There was much glowing coverage in the days leading up to the December 27 game. McIngvale showed up everywhere, and was the subject of a long profile and accompanying column in the December 24 edition of the Sunday Chronicle. "[V]irtually every decision McIngvale made became golden," columnist John P. Lopez wrote. "Much of what helped Mac get to this point, he says, is based on principles he learned long ago on football fields in Dallas, Austin and Denton: Hustle."

Listening or watching the interviews, or reading the pregame accounts, made it clear that two seemingly mutually exclusive conditions could in fact coexist: one, that Houston was really, really fired up about having the Bowl; and two, that plenty of good seats were still available.

And by "plenty," they really meant plenty. At one pregame press conference it was announced that 28,000 tickets had been sold; two weeks later officials announced that actually only 4,200 tickets had yet been purchased. According to the Chronicle story on the new ticket figure, McIngvale heard the 28,000 figure while at the initial December 7 press conference and was "incredulous." The story quoted McIngvale as calling it "a rather outlandish figure," and that he did some research "over the next 24 hours" and determined that the count was actually 4,200.

A count that he apparently kept to himself for two weeks, a point the Chron didn't bother to mention.

Eventually official attendance was listed as 33,899; the Chron said, "actual attendance appeared to be around 25,000," and a quick glimpse on TV showed it to be probably well short of that. And how many of those in attendance had gotten freebies is, of course, impossible to determine.

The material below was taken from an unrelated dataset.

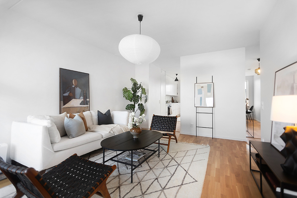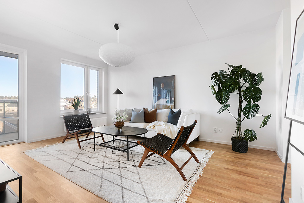 Vardagsrummet är lättmöblerat och här ryms soffgrupp, tv-möbel och övrig möblering. Utgång till den andra balkongen, som ligger mot gården i sydväst, sker härifrån.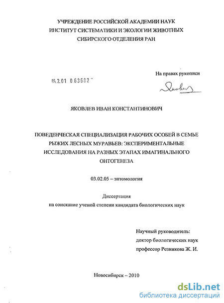 Полученные результаты приводят к новому взгляду на принципы организации семьи общественных насекомых, основанному на концепции сочетания поведенческой, когнитивной и социальной специализаций в сообществах животных, предложенной Ж.И. Резниковой (Reznikova, 2007): (1) поведенческая специализация в семье рыжих лесных муравьев основана на различиях в

But the ticket snafu wasn't the best moment in the hype machine. The best moment came with the story bannered across the front of the Metro section December 27, headlined "Bowl Crowd Warms Up with Big Music Bash: Tonight, Postseason College Football Is Back."

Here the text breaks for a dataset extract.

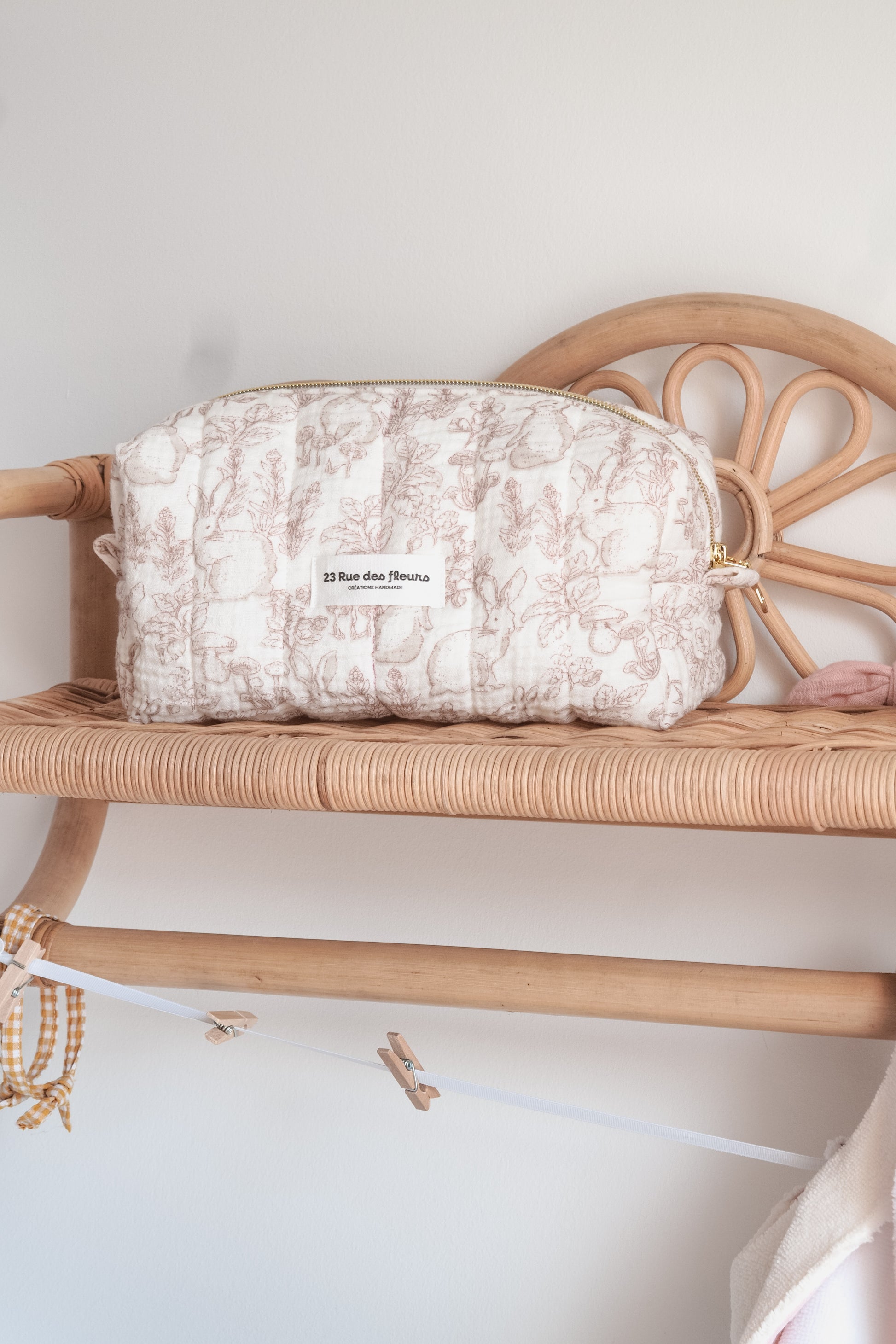 Glissez une touche de douceur dans votre quotidien avec cette trousse de toilette en gaze de coton. Elles rappellent la douceur des pétales et apportent une note poétique à votre salle de bain ou à votre valise. Parfaites à assortir avec le coussin Capucine, elles créent un petit cocon chaleureux et plein de tendresse, comme un bouquet de douceur au fil des jours.

The lead on that story: "Despite rainy weather, several hundred people flocked to Bayou Place on Tuesday night for a country music bash to warm up for tonight's inaugural Bowl at the Astrodome."

"Several hundred people"? Can "several hundred people" actually "flock" anywhere? Bayou Place has restaurants, bars and a movie theater in the middle of downtown. You'd get several hundred people there if it was just commuters heading for their parked cars, for crissake. Take off the standard 30 percent Chronicle overestimation of crowds at any Houston event, and you've got a "crowd" that would rival an off day at the Museum of Printing History.

And hey, news desk -- it's now the Reliant Astrodome, as the sports section keeps telling us. We'd like to think that calling it by its old, non-corporate-naming-rights handle was a small act of rebellion.

Instead, we're betting a memo went out the next day after Reliant's PR people called to complain.

I Got My Job Through the Chronicle

The Houston Chronicle, June 6, 1999: a news story by Austin bureau reporter Kathy Walt on the first term of then-lieutenant governor, now Governor Rick Perry. The headline: "Jobs Well Done: Senators Give Perry High Marks After Starting with Low Expectations."

"Viewed by skeptics as little more than a pretty face," Walt wrote, "expectations of Rick Perry were low, at least according to one senator. But with the recent close of the 140-day lawmaking marathon, Perry's first -- and perhaps his only -- session at the helm of the Texas Senate has earned him high praise from Democrats and Republicans alike.… At 49, this former state representative, state agriculture commissioner, Air Force pilot and die-hard Aggie is the first Republican to serve as lieutenant governor in 100 years.…With the session now behind him, Perry says it was a successful one, even historic with the passage of record increases in school funding and in tax cuts for businesses and consumers. But Perry does not claim personal credit for the victories."

The Houston Chronicle, December 23, 2000: Rick Perry, the new governor of Texas, announces his staff. His press secretary: Kathy Walt, former Chronicle reporter.